Так как я уже прошел через горнило испытаний прежде (в Америке), кто-то может поинтересоваться, зачем мне понадобился этот второй опыт. Попытаюсь объяснить. В Америке, когда я стал опускаться, меня поджидало двойное дно. Подлинное же дно, chez nous*, — зыбучие пески, откуда не выбраться. У меня уже пропадала надежда. Завтра не было, а вместо него только бесконечная перспектива из серых, однообразных, унылых дней. Я не мог отделаться от мысли, что нахожусь в пустоте, связанный по рукам и ногам, в смирительной рубашке. Чтобы освободиться, следовало слиться с миром, воздухом которого я не мог дышать. Я был быком на арене, где конец один — неминуемая смерть. Более того, смерть без надежды на воскрешение. Ведь мы в Америке убиваем не только тело, но и душу.
* У нас (фр.).
Во Франции меня поджидало не только то, о чем я уже сказал: здесь я обрел новую волю к жизни. Я нашел здесь и отца, даже нескольких. Первым был мой учитель французского языка с юга Франции, старый добрый Лантельм; думаю, ныне уже покойный. Лето он проводил на Иль-д’Олерон. Казалось, мои посещения радуют его сердце. Наш разговор всегда вращался вокруг старой Франции, особенно часто говорили мы о Провансе. В его обществе мне казалось, что я тоже некогда принадлежал к тому миру, что по своему духу я ближе к южанам, чем к соотечественникам или к парижским варварам. Между нами не существовало никаких барьеров. С самого начала мы понимали и принимали друг друга — несмотря на мой чудовищный французский. Благодаря его стараниям я стал понимать зрелую мудрость французов, их врожденную учтивость, терпимость, их проницательность, их поразительную способность выделить главное и существенное. Благодаря ему я узнал новый тип любви: любви к скромным вещам. Он любил все, чем окружил себя. Я, который всю свою жизнь так легко со всем расставался, теперь стал новыми глазами смотреть на самые пустяковые, самые незначительные вещи. В его доме я впервые начал понимать истинное значение человеческого творчества. Я понял, что оно — отражение божественного начала. Я понял, что творчество начинается с дома, с того, что под рукой, с того, на что не обращаешь внимания и презираешь, потому что оно слишком хорошо знакомо. Медленно, очень медленно, как если бы с моих глаз снимали одну пелену за другой, — а так и было! — я стал понимать, что живу в саду, полном сокровищ, в саду под названием Франция, на которую весь мир поглядывает любовно и немного завистливо. Мне стало ясно, почему немцы чувствуют такую настоятельную потребность побывать в этом саду, почему они никогда не перестают бросать в том направлении алчные взгляды. И почему пренебрежительно отзываются об этих сокровищах, будучи не в состоянии прибрать их к рукам. Я понимаю также, почему мои соотечественники ищут в этом саду убежище, хотя в мире все (предположительно) — к их услугам. Я могу понять, почему в моменты зависти, или горечи, или из-за извращенного чувства ностальгии они иногда называют этот Рай приютом для престарелых и немощных. Предвижу, что когда-нибудь они отрекутся от этой страны, давшей им свободу и покой, или обвинят ее, назвав гнездом порока.

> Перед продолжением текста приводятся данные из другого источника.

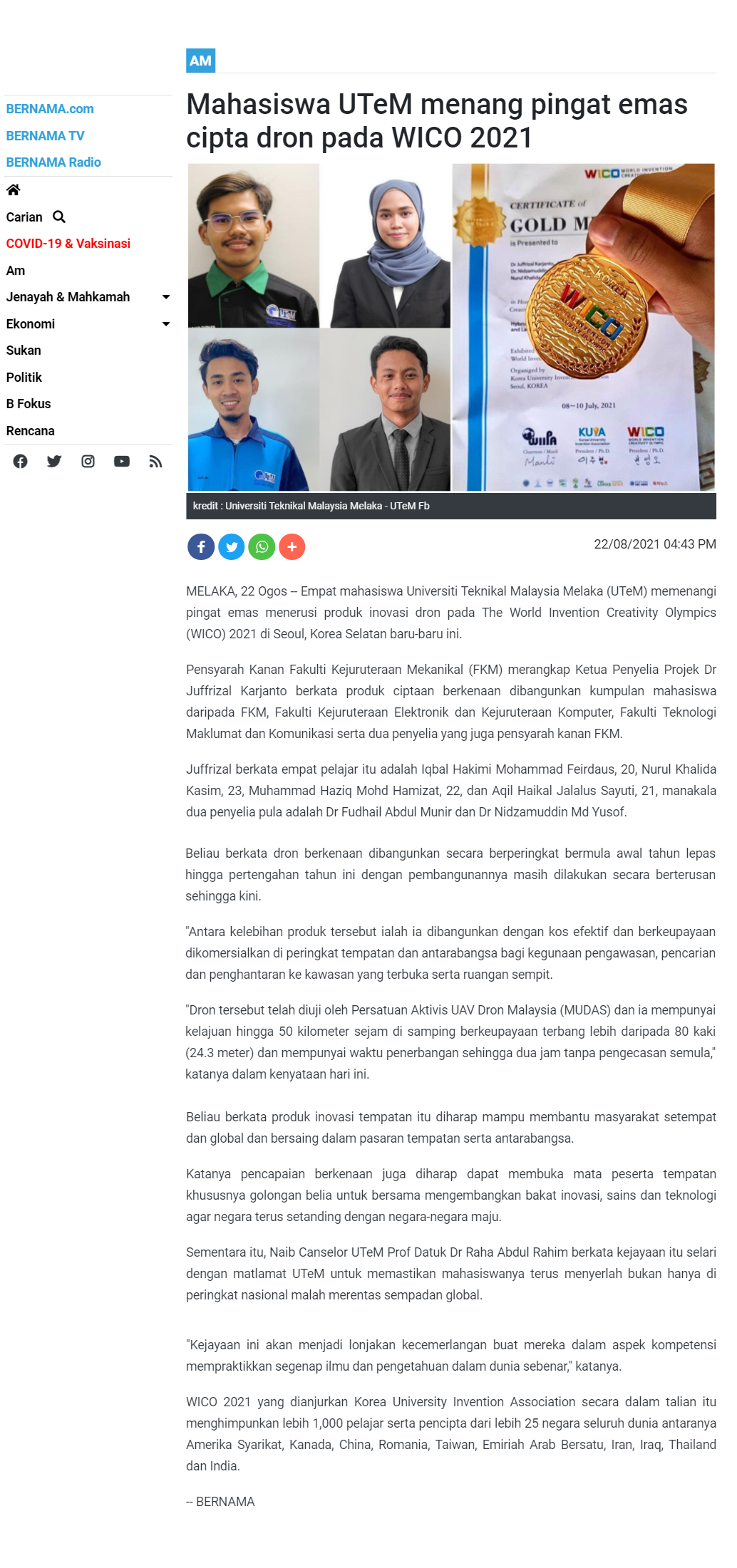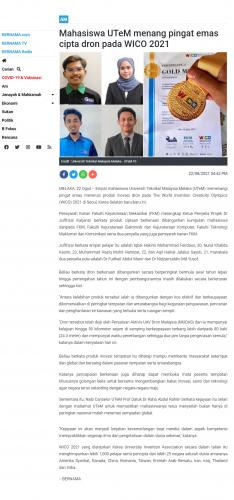 Mahasiswa UTeM memang pingat emas cipta drone pada WICO 2021

La France vivante!* Почему эти слова продолжают звенеть в моих ушах? Да потому, что в них заключена важная истина о Франции. Даже разлагаясь, эта страна остается живой. Сколько раз после войны я слышал от американцев: «Франции — конец!» Я устал уличать во лжи этих болтливых пораженцев. Конец Франции? Jamais**. Это даже представить себе невозможно. То, что Франция потерпела поражение, что ее жестоко унизили, то, что ее гложет чувство вины, несопоставимое с преступлением (преступлением, каким преступлением? — спрашиваю я), все это нельзя отрицать. Но то, что ей конец, нет, никогда. Не важно, что гиены взяли верх; не важно, совсем не важно, что успех пришел не к самым лучшим. Важно то, что Франция по-прежнему vivante, что огонь не удалось загасить. Что можно ожидать от страны, которая находилась во власти победителя пять долгих лет? Что ее жители от радости будут колесом ходить по улицам? (Представьте себе чувства наших южан, когда война между штатами закончилась. И подумайте, как они себя чувствуют и ведут даже сегодня, восемьдесят лет спустя после поражения.) Чего мы ждем от Франции? Что ее граждане восстанут из гробов, как праведники в День распятия? Беспечные и бесчувственные жители Нового Света не могут понять, что Франции надо еще осознать, что страдания позади. Война окончена для нас, но не для Франции и не для любой другой европейской страны. Когда мы в очередной раз «спасли мир», сбросив нашу славненькую бомбочку, один из тех рождественских подарков, которые только Америка умеет преподнести, мы забыли вложить туда рецепт вечного мира. Мы ревниво оберегаем наше первенство в деле уничтожения мира с одного удара, но не можем ничего предложить для поддержания у людей надежды и веры.
* Франция жива! (фр.)
** Никогда (фр.).
В наших глазах Европа — вечная виновница всех войн. Мы же (естественно!) воюем только для того, чтобы покончить с войной. О конце Европы говорится после каждой войны. «Никогда уж ей не быть прежней», — каркаем мы. Конечно, не быть, во всяком случае, не совсем прежней. Это только у нас в Америке никогда ничего не меняется. Самые глубокие и тяжелые катаклизмы приводят нас именно туда, где мы уже пребывали раньше — по крайней мере на уровне духа. Европа же с каждым кризисом меняется и сама по себе, и по отношению к миру. Затронуты не только ее сердце, но разум и душа. Военные разрушения оставляют неизгладимые следы. Америка же всегда благополучна и безмятежна. Мы, как и прежде, собираем большие урожаи, делаем новые и лучшие машины, а также детишек. Иногда и у нас бывает нехватка чего-нибудь, но это случается исключительно от жадности и плохого хозяйствования. В то время как мы только и делаем, что несем миру демократию, наша собственная жесткая кастовая система остается нетронутой*. Ничего с верха не просачивается вниз и — наоборот. Сто сорок миллионов американцев продолжают жить, как и прежде, в смирительных рубашках, очень удобных смирительных рубашках, — возможно, из-за умело навязанной иллюзии, что они пользуются свободой слова, свободой прессы, свободой торговли и свободой дышать воздухом.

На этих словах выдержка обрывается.